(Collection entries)
☆ ☆ ☆ ☆ ☆

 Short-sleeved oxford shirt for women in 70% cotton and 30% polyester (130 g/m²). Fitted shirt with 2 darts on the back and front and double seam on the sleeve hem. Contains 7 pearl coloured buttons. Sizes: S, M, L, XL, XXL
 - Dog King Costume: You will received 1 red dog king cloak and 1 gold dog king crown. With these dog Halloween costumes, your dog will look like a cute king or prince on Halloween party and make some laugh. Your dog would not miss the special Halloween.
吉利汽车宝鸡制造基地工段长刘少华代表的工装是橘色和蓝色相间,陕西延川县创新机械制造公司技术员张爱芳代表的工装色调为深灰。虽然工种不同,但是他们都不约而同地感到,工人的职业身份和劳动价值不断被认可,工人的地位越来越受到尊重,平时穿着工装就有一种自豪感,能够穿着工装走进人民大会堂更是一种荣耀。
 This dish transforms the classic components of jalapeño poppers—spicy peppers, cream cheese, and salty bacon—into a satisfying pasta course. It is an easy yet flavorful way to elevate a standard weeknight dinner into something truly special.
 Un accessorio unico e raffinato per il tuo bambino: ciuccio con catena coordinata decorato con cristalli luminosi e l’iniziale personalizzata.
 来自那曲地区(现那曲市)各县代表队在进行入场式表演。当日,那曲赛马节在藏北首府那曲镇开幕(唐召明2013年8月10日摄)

☆ ☆ ☆ ☆ ☆

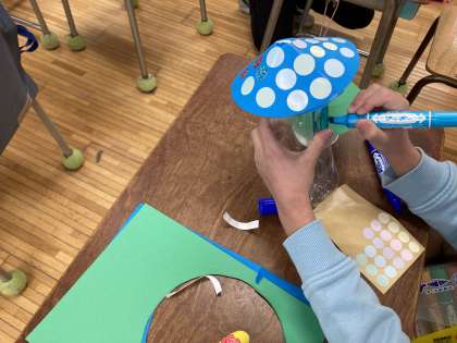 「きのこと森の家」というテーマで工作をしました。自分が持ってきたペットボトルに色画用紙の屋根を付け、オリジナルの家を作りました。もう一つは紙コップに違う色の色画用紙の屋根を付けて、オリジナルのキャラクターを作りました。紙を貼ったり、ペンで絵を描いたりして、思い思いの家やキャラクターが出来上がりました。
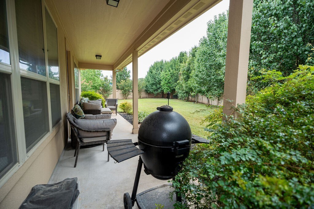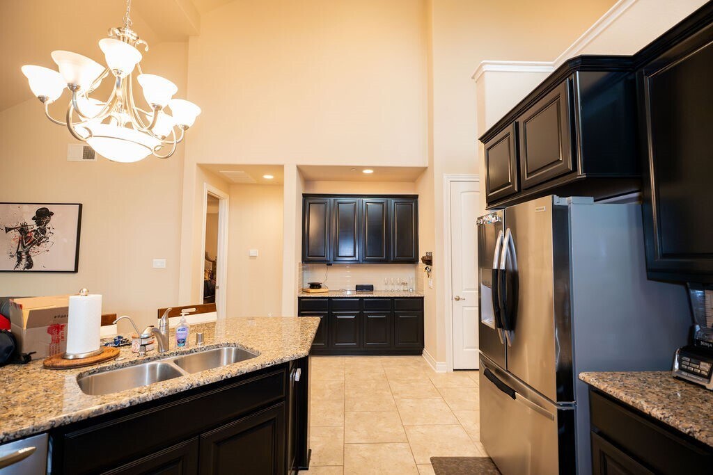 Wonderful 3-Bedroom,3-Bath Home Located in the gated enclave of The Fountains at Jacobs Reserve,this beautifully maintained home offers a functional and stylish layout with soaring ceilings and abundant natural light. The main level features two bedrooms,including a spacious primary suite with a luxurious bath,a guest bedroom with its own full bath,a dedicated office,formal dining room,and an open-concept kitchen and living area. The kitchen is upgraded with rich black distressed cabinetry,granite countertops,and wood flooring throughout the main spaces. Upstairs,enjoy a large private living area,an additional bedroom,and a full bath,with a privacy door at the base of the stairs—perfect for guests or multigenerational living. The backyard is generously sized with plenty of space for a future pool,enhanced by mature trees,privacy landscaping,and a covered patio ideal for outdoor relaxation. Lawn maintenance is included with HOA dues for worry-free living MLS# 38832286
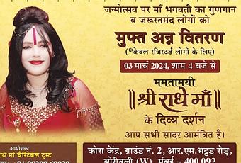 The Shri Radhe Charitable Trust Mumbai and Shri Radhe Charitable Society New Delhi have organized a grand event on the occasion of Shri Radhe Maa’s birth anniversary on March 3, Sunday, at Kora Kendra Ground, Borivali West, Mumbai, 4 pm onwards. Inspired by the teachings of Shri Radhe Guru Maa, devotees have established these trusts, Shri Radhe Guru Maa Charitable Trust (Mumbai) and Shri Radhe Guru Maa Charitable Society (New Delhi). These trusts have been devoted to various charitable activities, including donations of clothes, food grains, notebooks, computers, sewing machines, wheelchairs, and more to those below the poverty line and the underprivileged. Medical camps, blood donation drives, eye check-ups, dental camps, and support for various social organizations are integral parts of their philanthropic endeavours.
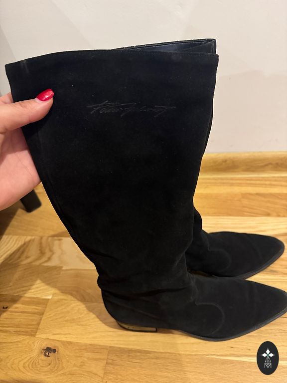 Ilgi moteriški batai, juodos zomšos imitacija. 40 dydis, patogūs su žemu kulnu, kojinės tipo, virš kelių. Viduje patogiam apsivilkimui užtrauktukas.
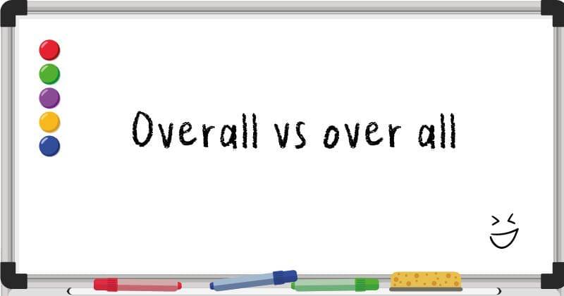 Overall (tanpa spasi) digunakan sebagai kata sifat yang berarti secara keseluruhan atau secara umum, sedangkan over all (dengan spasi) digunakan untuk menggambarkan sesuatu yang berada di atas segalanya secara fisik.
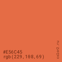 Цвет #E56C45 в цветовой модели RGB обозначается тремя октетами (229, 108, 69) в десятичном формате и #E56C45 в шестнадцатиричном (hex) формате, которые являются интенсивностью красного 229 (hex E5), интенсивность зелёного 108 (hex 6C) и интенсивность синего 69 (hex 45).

☆ ☆ ☆ ☆ ☆

▶ What you are asked to do
Go through the entries above and copy every line containing "special".

▶ Reply to the exercise
 - Dog King Costume: You will received 1 red dog king cloak and 1 gold dog king crown. With these dog Halloween costumes, your dog will look like a cute king or prince on Halloween party and make some laugh. Your dog would not miss the special Halloween.
 This dish transforms the classic components of jalapeño poppers—spicy peppers, cream cheese, and salty bacon—into a satisfying pasta course. It is an easy yet flavorful way to elevate a standard weeknight dinner into something truly special.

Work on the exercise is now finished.